Packaging firm’s carbon claims queried

A major packaging company operating in Australia and New Zealand has told customers it will pay the full $23-a-tonne carbon price, even though it is not listed by the government as being directly liable.

Colorpak, which has five plants and employs about 770 workers in Melbourne, Sydney and Auckland, is not on the government’s “liable entities” list of the largest carbon emitters.

But the ASX-listed company says on its website that under the carbon pricing scheme “Colorpak will pay per tonne of carbon that is released into the atmosphere, directly and indirectly”.

“The cost that applies from 1 July 2012 starts at $23 per tonne of emissions and will increase gradually until 2015,” Colorpak says.

The company’s website says that based on its electricity bills, and the $23/tonne price, the company’s carbon tax liability was expected to be $407,445.

It also notes that there could be further “indirect costs” from suppliers other than electricity companies, but that these would be “communicated and passed through on October 1, 2012”.

Colorpak declined to comment when contacted by AAP on Wednesday, with a company representative saying any comment would have to wait until next week.

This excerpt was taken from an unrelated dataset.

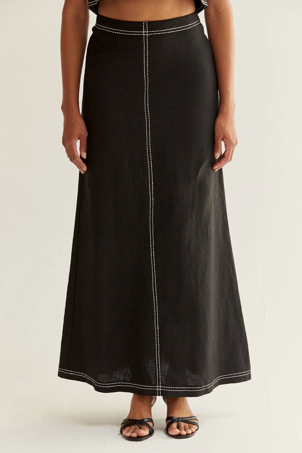 Our beloved Kenzy Contrast Stitch Linen Maxi Skirt is a high-waisted, straight line skirt with a side hook & eye and invisible zipper closure, and a contrast embroidery stitching detail all around.
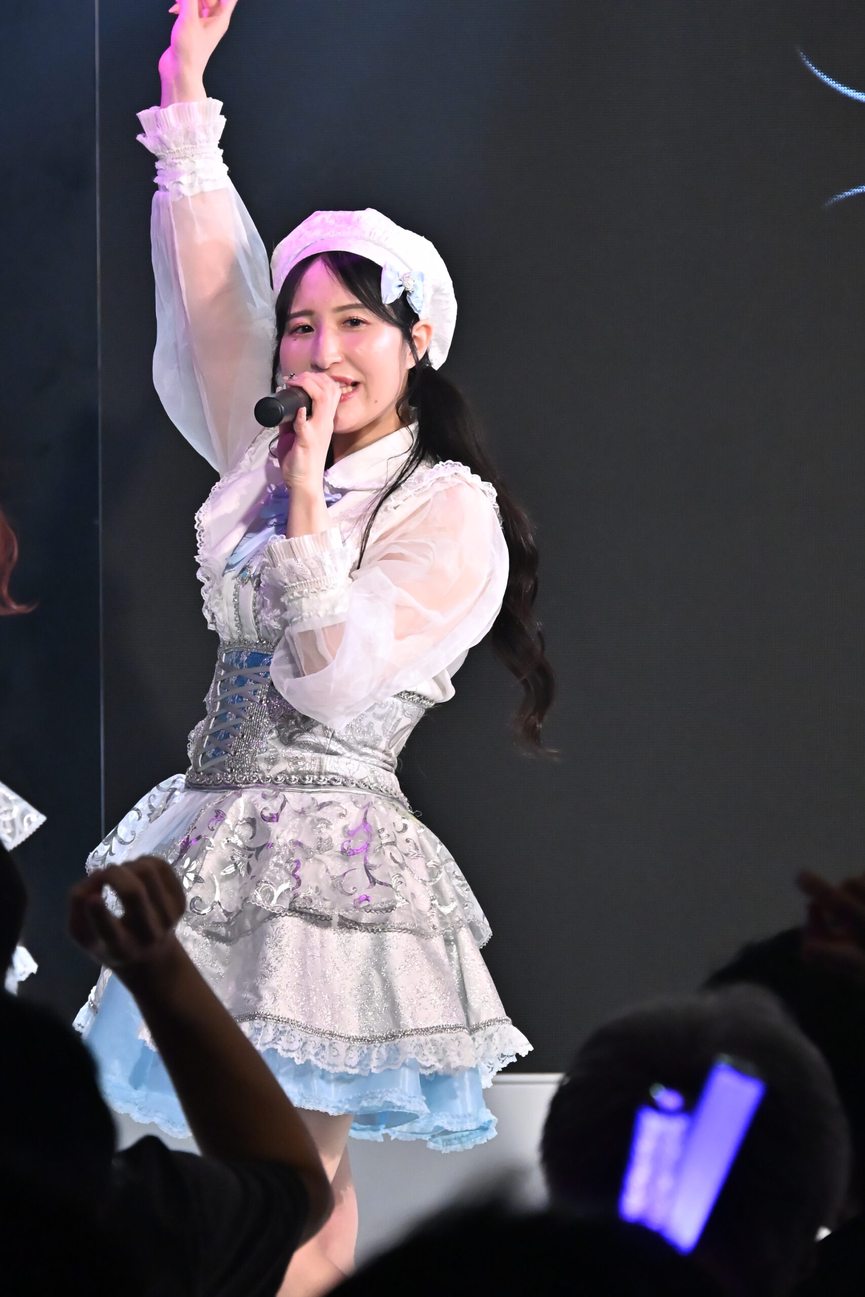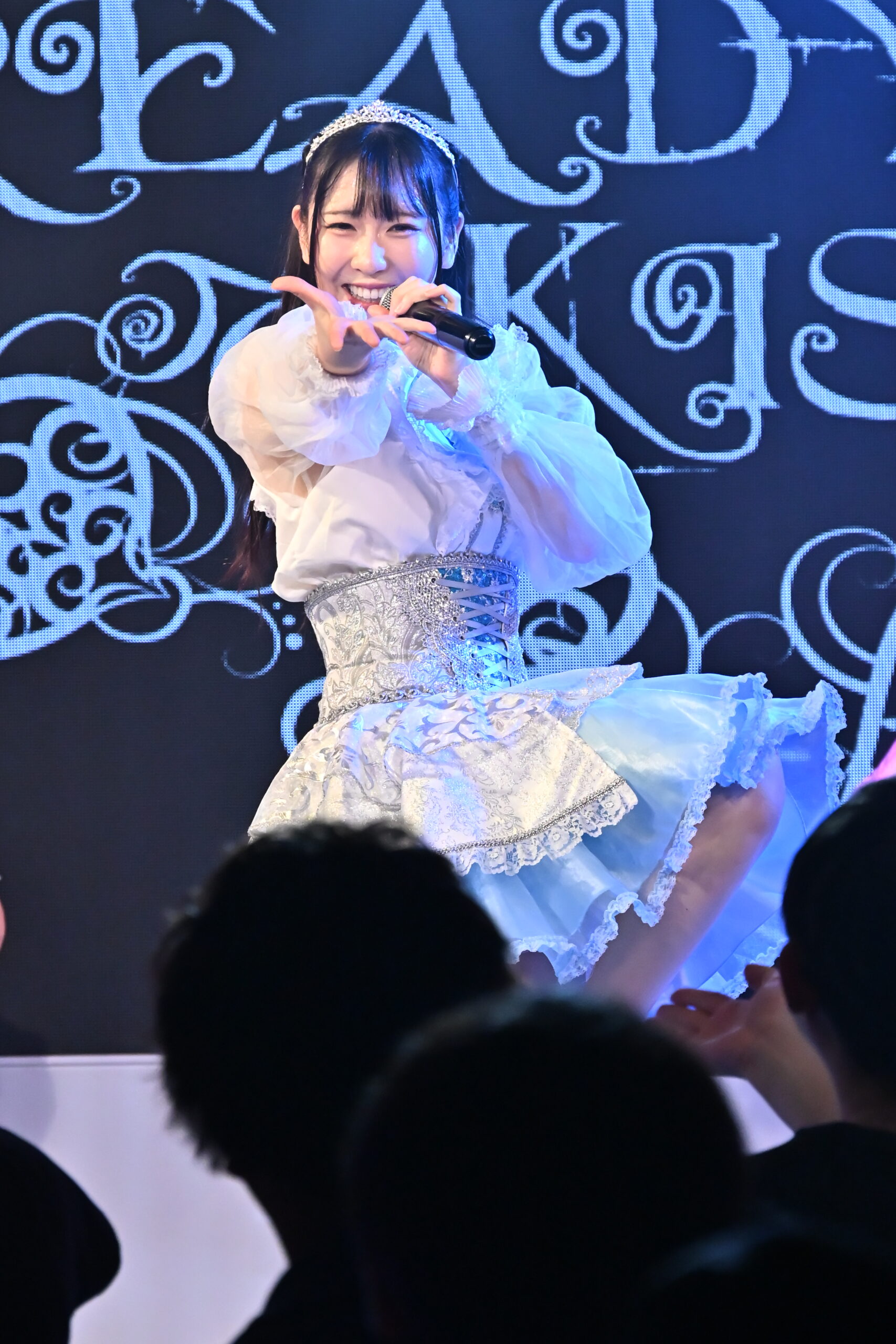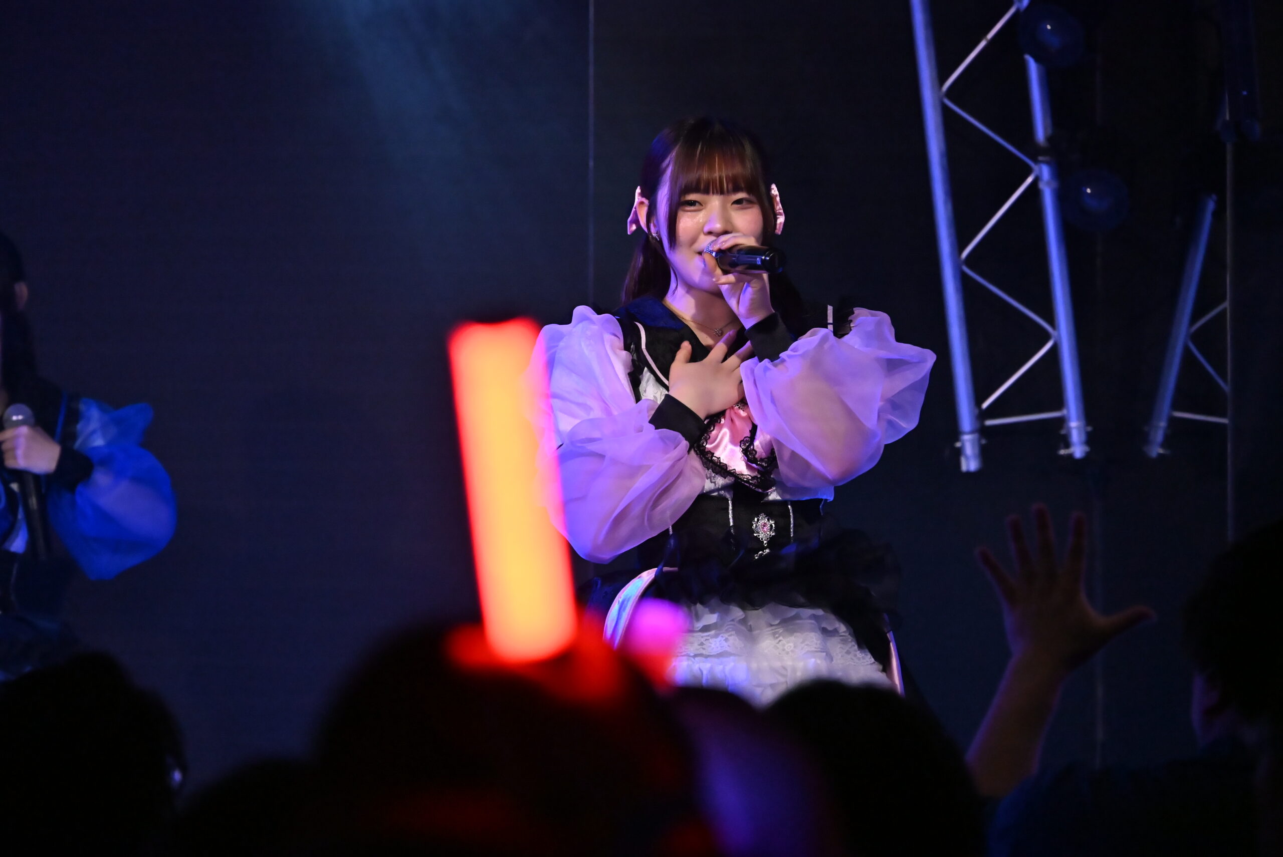 最後は、READY TO KISSとSAY-LAのメンバーをミックスしたシャッフルユニットのブロック。最初に登場したのが、SAY-LAの、咲山しほ・小椋妃奈乃・とわん・神崎セナ、READY TO KISSのもりしょうこ・瀬戸佳凛・小松かやの。このメンバーで歌ったのが、SAY-LAの『感情リバーシブル』。ちょっとセンチな乙女の恋心を、このメンバーは明るく元気に歌唱。途中、眩しい声で観客たちを巻き込んでゆくなど、終始、晴れた表情で彼女たちは歌を届けてくれた。「好き」の気持ちの中にある表と裏の感情を記したこの曲だが、このメンバーが歌うと、表と裏どっちも同じ感情のように見えてきた。

The Printing Industries Association of Australia (PIAA) warned in its latest newsletter to members that they needed to be careful when estimating their extra costs and passing them on to customers.

The association’s national manager for policy and government affairs, Hagop Tchamkertenian, wrote in the newsletter that the wording of “carbon tax messaging” was important.

Mr Tchamkertenian said Colorpak was “setting a good example by being up front and proactive in its customer message about the incoming tax”.

But he added: “The direct bit is not correct, because there are about 300 companies, mostly energy companies, that are paying the carbon tax directly, whereas for businesses like Colorpak, it is indirect only.”

The PIAA has warned its members that carbon tax pricing claims must be substantiated.

It advised in the newsletter that “any business owner who is concerned that the carbon tax will have a negative impact on their commercial viability should consider passing the costs on to their clients”.

“We say that if you have the capacity to pass on the expense, it’s foolish to absorb the costs,” Mr Tchamkertenian writes in the newsletter.

Comment was being sought from the Australian Competition and Consumer Commission and Climate Change Minister Greg Combet.